Question
Lisa Pinto, vice president of finance at Roche Publishing Company, a rapidly growing publisher of college texts, is concerned about the firms high level of
Lisa Pinto, vice president of finance at Roche Publishing Company, a rapidly growing publisher of college texts, is concerned about the firms high level of short-term resource investment. She believes that the firm can improve the management of its cash and, as a result, reduce this investment. In this regard, she charged Arlene Bessenoff, the treasure; with assessing the firms cash management efficiency. Arlene decided to begin her investigation by studying the firms operating and cash conversion cycles.

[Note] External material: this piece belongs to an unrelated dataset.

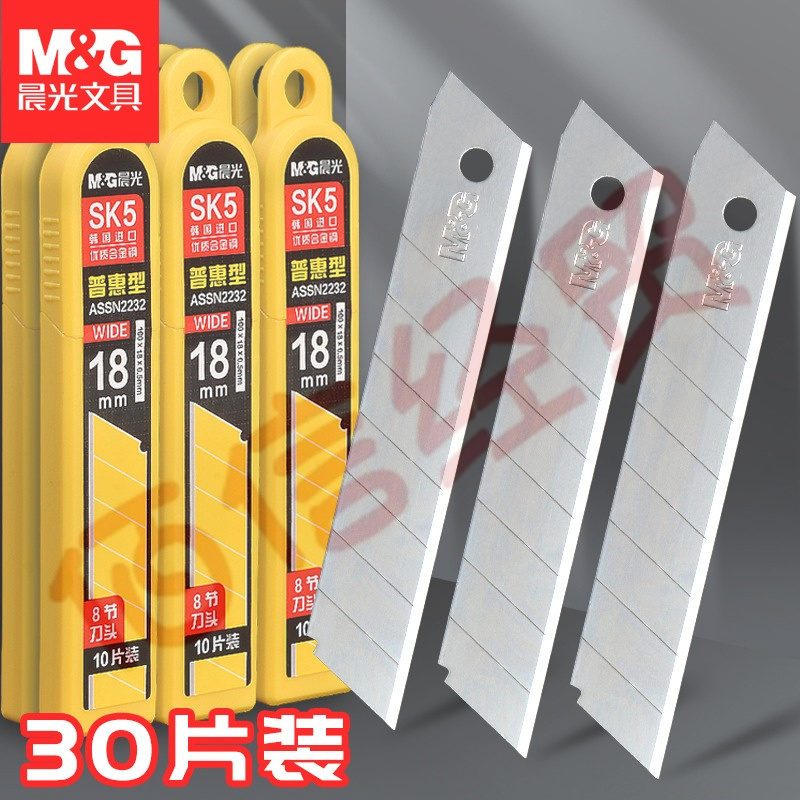 晨光(M&G)大號(hào)美工刀片18m鈦精鋼SK5不易生銹普惠型替換刀片ASSN2232 3盒共30片【大號(hào)刀片18mm/60度】 自營(yíng)

Arlene found that Roches average payment period was 60 days. The industry average, derived from the Investigation of three similar publishing companies revealed that their average payment period is 42days- 30% lower than Roches. Lisa estimated that is Roche initiated 2% cash discount for payment within 10 days of the beginning of the credit period, the firms average collection period would drop from 60 days to the 42-day industry average. She is expected the following to occur as a result of the discount: annul sales would increase from $13,750,000 to 15, 000,000; bad debt would remain unchanged; and the 2% cash discount would be applied to 75% of the firms sales. The firms variable cost equal to 80% of sales. Lisa knows that the resources invested in working capitals have the opportunity cost for her firms 12%
To Do
Evaluate whether Roches strategy for speeding its collection of accounts receivable would be acceptable. What annual net profit or loss would result from implementation of the cash discount? Assume 365 days a year.

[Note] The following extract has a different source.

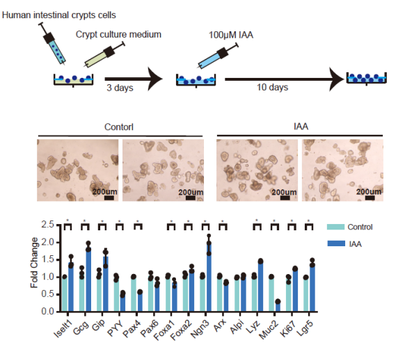 在使用IAA对TPN小鼠进行干预后,发现IAA可显著缓解此类小鼠的糖代谢障碍,同时其还影响调节机体糖代谢稳态重要因子GLP-1的表达。随后,该团队开展了小鼠及人体肠道类器官的实验,结果发现使用IAA刺激之后,类器官增殖相关基因(Ki-67),L细胞分化相关基因(Pax6,Foca1,Ngn3)及促进GLP-1分泌(Gcg) 等相关基因均表达上调。
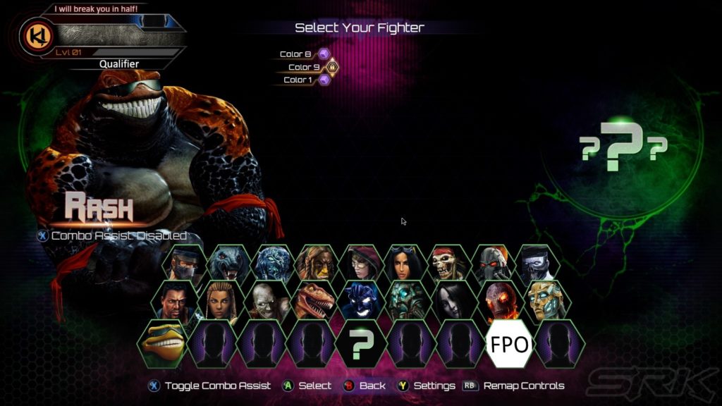 Kim Wu arriva da Killer Instinct 2 e gioca tutto sulla rapidità e i nunchaku. Tusk con il suo spadone a due mani punta invece tutto sulla forza brutta e sul numero di danni per colpo singolo. Arbiter è invece il personaggio ospite proveniente direttamente da Halo 5 e farà largo uso della sua lama energetica o della carabina Tipo 51. Altra guest star, questa volta dell’universo Rare, è il battletoad Rash, con una carica di carisma e simpatia che vi strapperanno più di un sorriso durante i vari combattimenti grazie ai suoi colpi a base di lingua.

What annual net profit or loss would result from implementation of the cash discount? Assume 365 days in a year
The change is contribution margin will be ----
The change in average investment in account receivable will be
The cost of marginal investment in account receivable will be ---
The net profit(loss) from implementation of new plan will be
Strategy for speeding its collection of account receivable (would or would not ) be acceptable.